Это был жест, и Френк потом сказал, что таков был фирменный знак Констанцы: вызвать удивление, потрясение, действуя открыто и дерзко. И я также увидела характер ее последнего жеста, когда Констанца решила в последний раз опустить занавес над жизнью так же, как она и существовала – последние акты должны идти под бравурные звуки.
Френк, я думаю, не понял этого, я же была слишком счастлива, и, кроме того, знала, что теперь мне нечего опасаться со стороны Констанцы.
Мы с Френком поженились в Лондоне, в присутствии растрепанного Векстона, исполнявшего роль шафера, и сияющих Фредди с Винни как свидетелей. Свадьба состоялась в ноябре, почти двадцать лет тому назад от этого дня, когда я пишу, но я помню все ее подробности совершенно четко.

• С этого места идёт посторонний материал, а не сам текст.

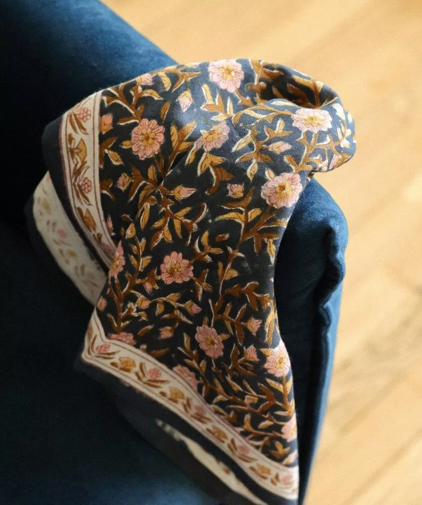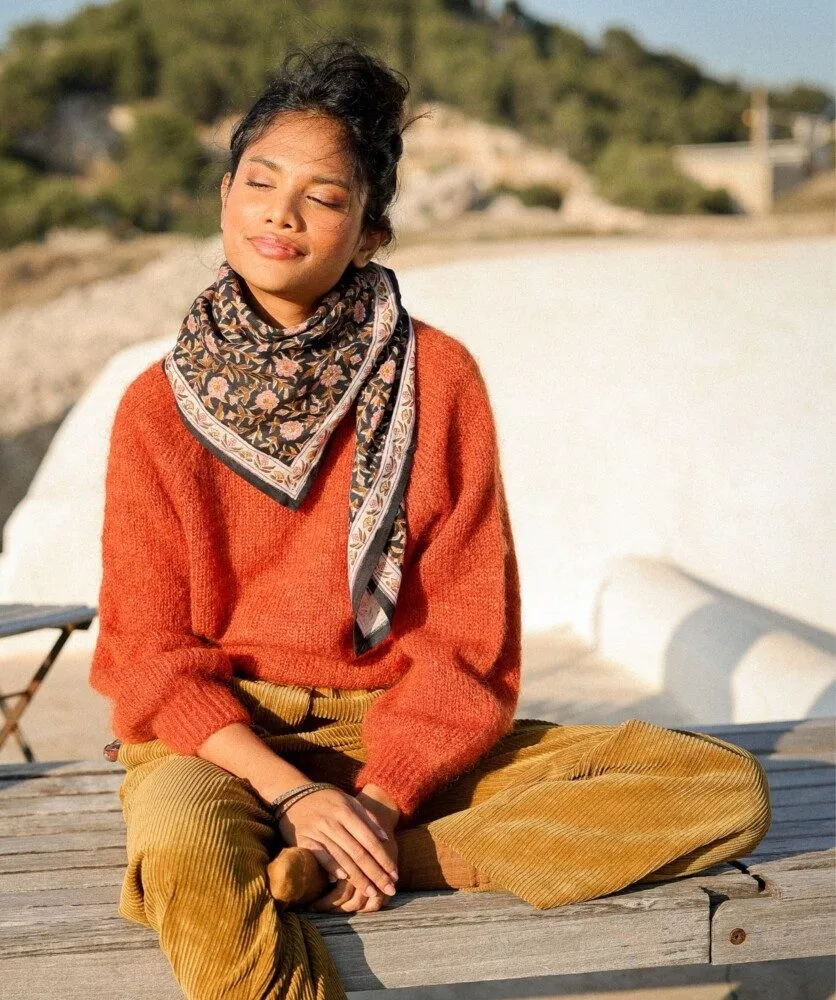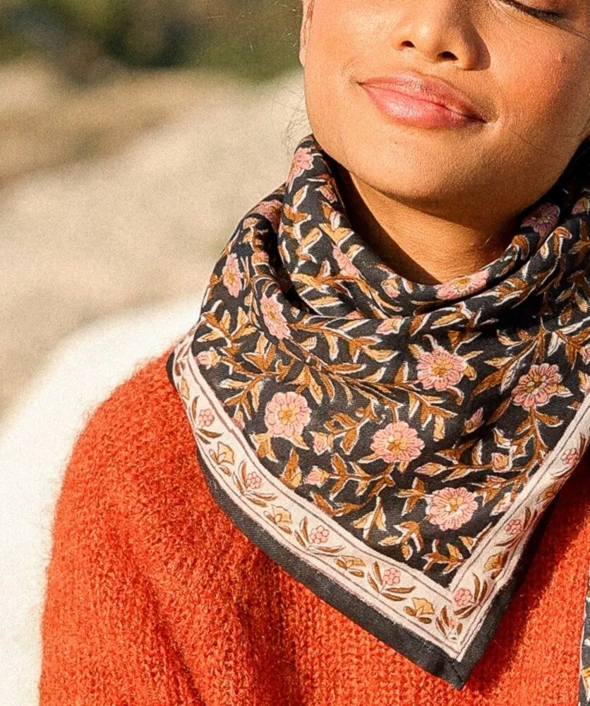 Le foulard est conçu en France, mais imprimé et confectionné en Inde, ce qui témoigne d’un engagement pour l’artisanat et le travail local. Chaque pièce est donc un peu différente, et ces petites variations rendent votre foulard vraiment unique.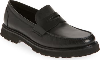A classic penny keeper details a sophisticated loafer grounded by a foam-cushioned footbed and lightweight sole for optimal comfort.

Констанца дождалась, пока брак можно было считать свершившимся фактом, тогда – ждать она, наверно, больше не могла – приступила к действиям.
Известие о ее смерти пришло к нам примерно через три недели. Я впервые услышала о ней не от друзей, а от неизвестного репортера из Шотландии, который, собирая материал для лондонской газеты, искал подтверждения этой истории.
Это могло бы порадовать Констанцу, которая столь любила увертки и неопределенность. Ее порадовало бы и то, что обстоятельства ее смерти так и остались необъясненными и по размышлении были отнесены к разряду несчастных случаев. Констанце удалось и в смерти добиться успеха, окружив ее, как и свою жизнь, догадками и домыслами.